Method 2: Extracting Data from JavaScript Variables
Some websites store data directly in JavaScript variables. You can parse this data as follows:

def extract_js_data(doc)
  script_content = doc.css('script').find { |script| script.text.include?('productData') }
  JSON.parse(script_content.text.match(/productData = (.*?);/)[1])
end

Managing Errors

Effective error management is key to reliable scraping.
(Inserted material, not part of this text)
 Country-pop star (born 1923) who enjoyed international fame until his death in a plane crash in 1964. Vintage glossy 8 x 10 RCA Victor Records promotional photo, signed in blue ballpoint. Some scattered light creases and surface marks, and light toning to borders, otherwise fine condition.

Here's an example of implementing retries and error logging:

class ScraperWithRetry
  MAX_RETRIES = 3
  BACKOFF_FACTOR = 2

  def fetch_with_retry(url)
    retries = 0
    begin
      response = HTTParty.get(url)
      raise "Rate limit reached" if response.code == 429
      response
    rescue => e
      retries += 1
      if retries <= MAX_RETRIES
        sleep(BACKOFF_FACTOR ** retries)
        retry
      else
        log_error(url, e)
        raise
      end
    end
  end
end

Key strategies for error handling include:

Using exponential backoff for retries
Monitoring response times and error rates
Rotating IP addresses with proxies
Validating the format of extracted data
Keeping detailed error logs for debugging

Once your error management is solid, ensure your scraping practices comply with legal and ethical standards.
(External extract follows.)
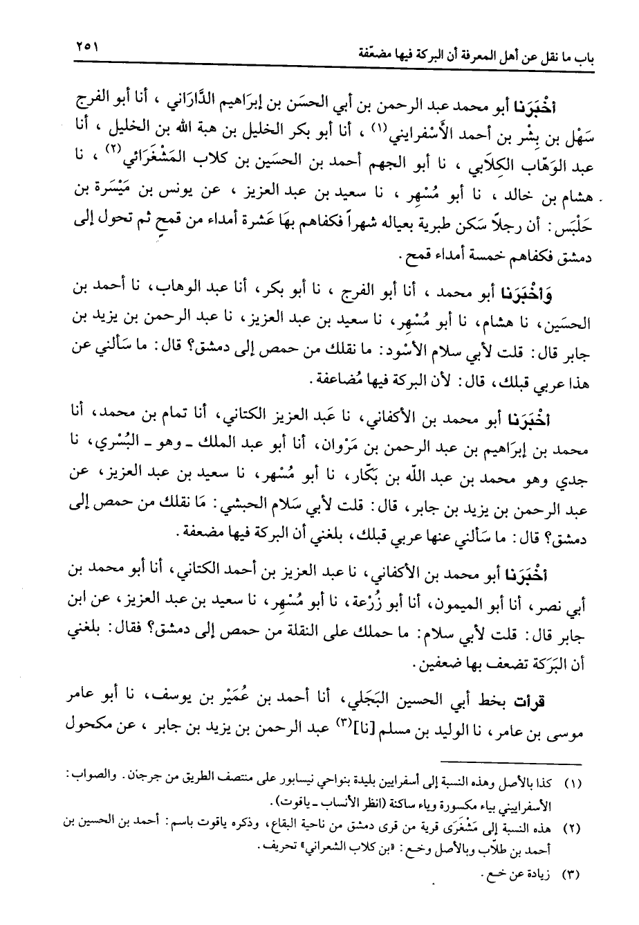 أخبرنا أبو محمد عبد الرحمن بن أبي الحسن بن إبراهيم الداراني أنا أبو الفرج سهل بن بشر بن أحمد السفرايني (1) أنا أبو بكر الخليل بن هبة الله بن الخليل أنا عبد الوهاب الكلابي نا أبو الجهم أحمد بن الحسين بن كلاب المشغرائي (2) نا هشام بن خالد نا أبو مسهر نا سعيد بن عبد العزيز عن يونس بن ميسرة بن حلبس أن رجلا سكن طبرية بعياله شهرا فكفاهم بها عشرة أمداء من قمح ثم تحول إلى دمشق فكفاهم خمسة أمداء قمح وأخبرنا أبو محمد أنا أبو الفرج نا أبو بكر أنا عبد الوهاب نا أحمد بن الحسين نا هشام نا أبو مسهر نا سعيد بن عبد العزيز نا عبد الرحمن بن يزيد بن جابر قال قلت لأبي سلام الأسود ما نقلك من حمص إلى دمشق قال ما سألني عن هذا عربي قبلك قال لأن البركة فيها مضاعفة أخبرنا أبو محمد بن الأكفاني نا عبد العزيز الكتاني أنا تمام بن محمد أنا محمد بن إبراهيم بن عبد الرحمن بن مروان أنا أبو عبد الملك وهو البسري نا جدي وهو محمد بن عبد الله بن بكار نا أبو مسهر نا سعيد بن عبد العزيز عن عبد الرحمن بن يزيد بن جابر قال قلت لأبي سلام الحبشي ما نقلك من حمص إلى دمشق قال ما سألني عنها عربي قبلك بلغني أن البركة فيها مضعفة اخبرنا أبو محمد بن الأكفاني نا عبد العزيز بن أحمد الكتاني أنا أبو محمد بن أبي نصر أنا أبو الميمون أنا أبو زرعة نا أبو مسهر نا سعيد بن عبد العزيز عن ابن جابر قال قلت لأبي سلام ما حملك على النقلة من حمص إلى دمشق فقال بلغني أن البركة تضعف بها ضعفين قرأت بخط أبي الحسين البجلي أنا أحمد بن عمير بن يوسف نا أبو عامر موسى بن عامر نا الوليد بن مسلم نا (3) عبد الرحمن بن يزيد بن جابر عن مكحول

Legal and Ethical Guidelines

Requirement	Implementation
Rate Limiting	Add 2–5 second delays between requests
robots.txt	Use the `robotstxt` gem to verify rules
Data Usage	Ensure adherence to terms of service
Personal Data	Obtain explicit consent
Server Load	Use throttling to reduce server strain

"Web scraping is like treasure hunting - except sometimes the map leads you to a big, fat error message instead of gold." - Ize Majebi, Python developer and data enthusiast

Remember, non-compliance with regulations like GDPR can result in severe penalties, including fines up to €20 million or 4% of global revenue. The HiQ Labs v. LinkedIn case clarified that scraping public data is generally allowed, but actions like using fake accounts could lead to legal trouble.
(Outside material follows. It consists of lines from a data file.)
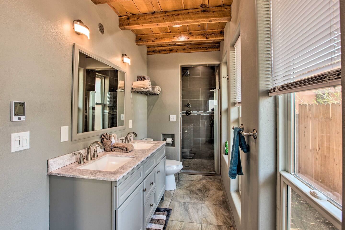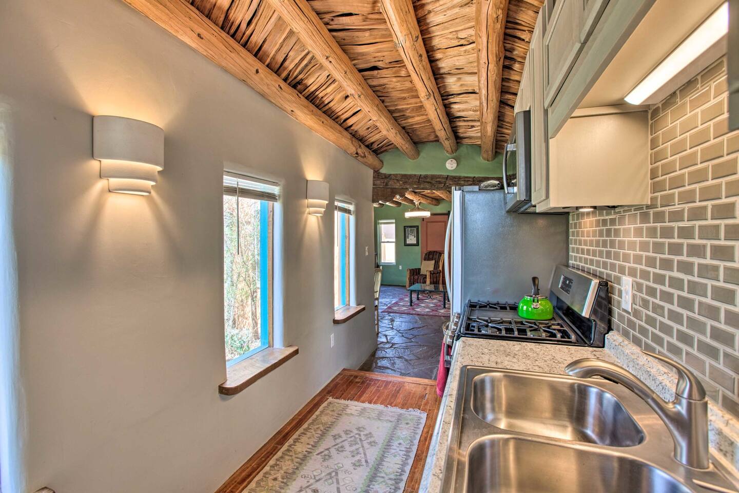 No Air Conditioning: The home does not have air conditioning, but the thick adobe walls and fans help keep the property cool during the warmer months. Shared Backyard: The backyard is shared with other units, so please be mindful of neighbors and maintain privacy and quiet hours. Limited Parking: Parking is limited to one vehicle in the driveway. If you have additional cars, street parking is available on a first-come, first-served basis. No Smoking: This is a smoke-free property. Smoking is not permitted inside or outside on the premises. Kiva Fireplace Use: The kiva fireplace is decorative and not intended for use during your stay.
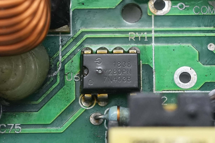 辅助电源芯片来自帕沃英蒂格盛,型号TNY280PN,为TinySwitch-3系列电源芯片,芯片内部集成开关管,采用DIP-8C封装。
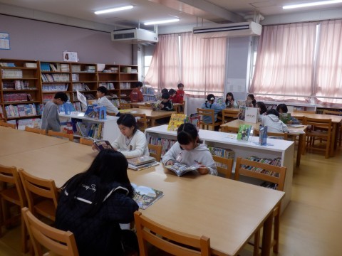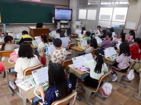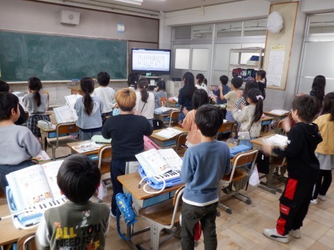 音楽、図書の授業です。音楽の授業では、「あんたがたどこさ」を歌っています。てまり歌だけあってとてもテンポのいい曲です。実際にまりはつけないので手拍子でまりをつくところや足抜きのところを表現しています。みんな楽しそうです。

Best practices for advanced scraping:

Regularly monitor performance metrics
Rotate user agents to avoid detection
Use headless browsers for dynamic content
Maintain comprehensive error logs
Update your scripts to adapt to website changes

Speed and Scale Improvements

Improve performance and efficiently manage data collection at scale.

Script Performance Tips

Managing memory effectively is key for fast data scraping. Here's an example of using SAX parsing for better memory efficiency:

# Example of memory-efficient parsing using SAX
class MyDocHandler < Nokogiri::XML::SAX::Document
  def start_element(name, attrs = [])
    return unless name == 'product'
    # Process each product without loading the entire document
    process_product(attrs)
  end
end

parser = Nokogiri::XML::SAX::Parser.new(MyDocHandler.new)
parser.parse(File.open("large_file.xml"))

Some proven optimization strategies include:

Using SAX parsing for large XML files instead of loading the entire file into memory (DOM parsing).
Employing batch processing with targeted XPath queries to reduce overhead.
Caching nodes temporarily and freeing up memory as soon as they're processed.
Regularly profiling your code with tools like Ruby-prof to identify bottlenecks.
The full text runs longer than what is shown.